• WHAT IS BEING ASKED:
Type out the lines below exactly, pictures excluded.

(Collected data)

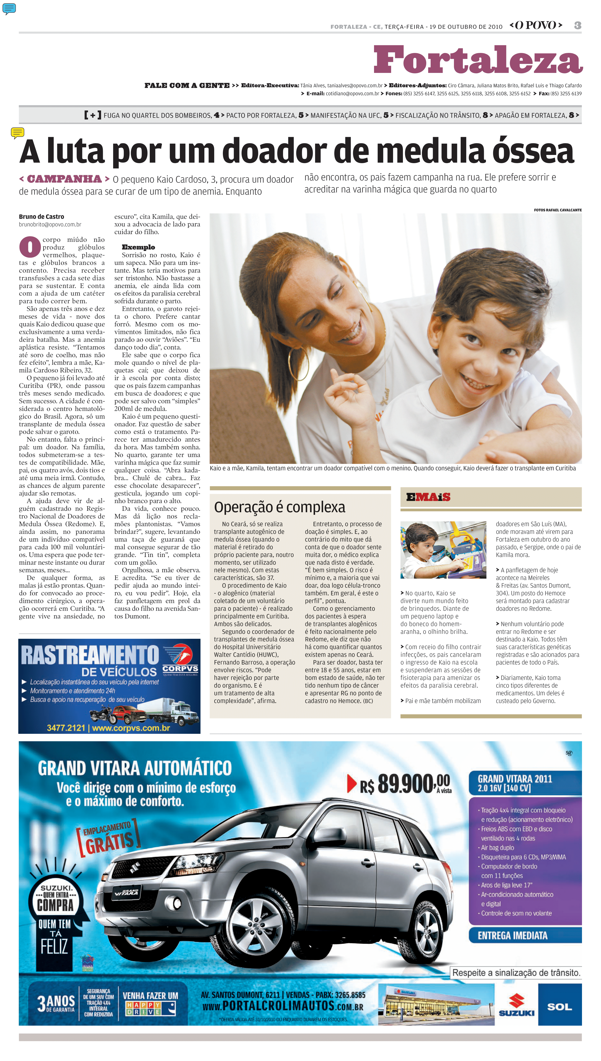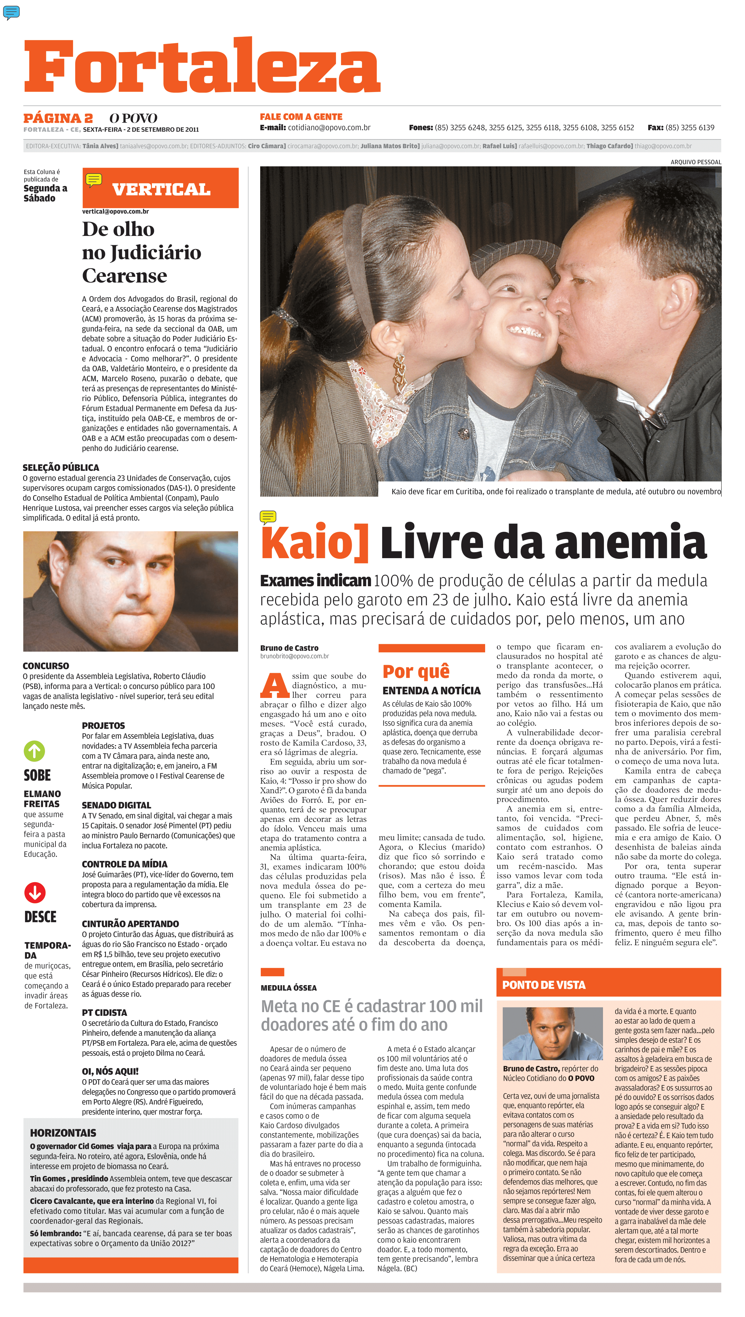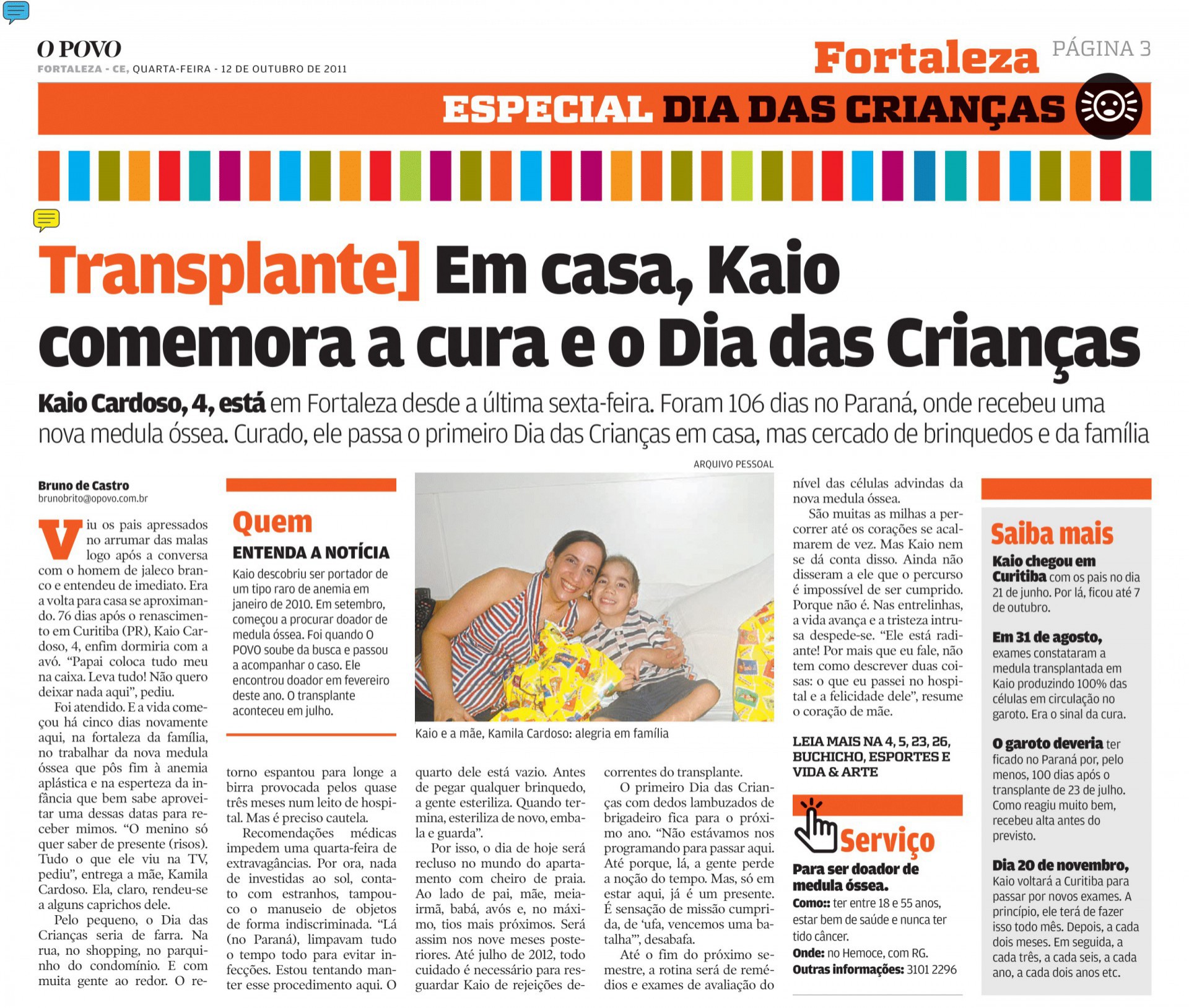 19 de outubro de 2010 | O POVO conhece Kaio e sua mãe para divulgar a campanha em busca de doadores de medula. Pelos meses seguintes, a luta do garoto é contada nas páginas do jornal, especialmente pelo jornalista Bruno de Castro, que se tornou um amigo.
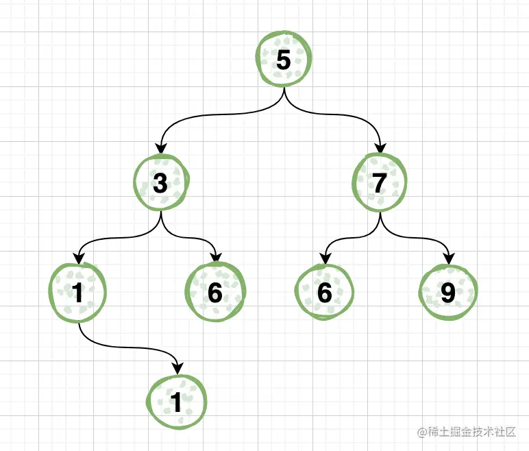curEnd为节点5,节点5进入队列,也就是节点入队之前标记curEnd 节点5从队列里弹出,当前层节点数+1节点3进入队列,nextEnd标记为节点3节点7进入队列,nextEnd标记为节点7- 当前操作节点
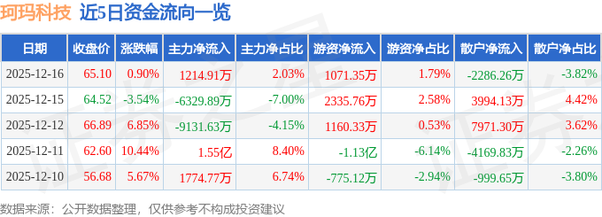 证券之星消息,截至2025年12月16日收盘,珂玛科技(301611)报收于65.1元,上涨0.9%,换手率6.3%,成交量9.24万手,成交额5.98亿元。
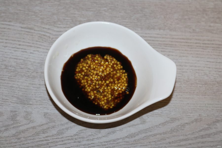 Для заправки смешиваем горчицу, масло, соус соевый, сок из лимона.
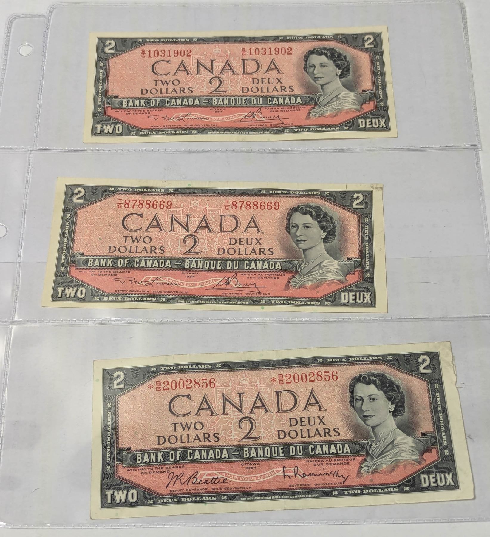 ASSORTED 1954 CANADIAN $2 BANK NOTES

• RESULT OF THE EXERCISE:
 19 de outubro de 2010 | O POVO conhece Kaio e sua mãe para divulgar a campanha em busca de doadores de medula. Pelos meses seguintes, a luta do garoto é contada nas páginas do jornal, especialmente pelo jornalista Bruno de Castro, que se tornou um amigo.
curEnd为节点5,节点5进入队列,也就是节点入队之前标记curEnd 节点5从队列里弹出,当前层节点数+1节点3进入队列,nextEnd标记为节点3节点7进入队列,nextEnd标记为节点7- 当前操作节点
 证券之星消息,截至2025年12月16日收盘,珂玛科技(301611)报收于65.1元,上涨0.9%,换手率6.3%,成交量9.24万手,成交额5.98亿元。
 Для заправки смешиваем горчицу, масло, соус соевый, сок из лимона.
 ASSORTED 1954 CANADIAN $2 BANK NOTES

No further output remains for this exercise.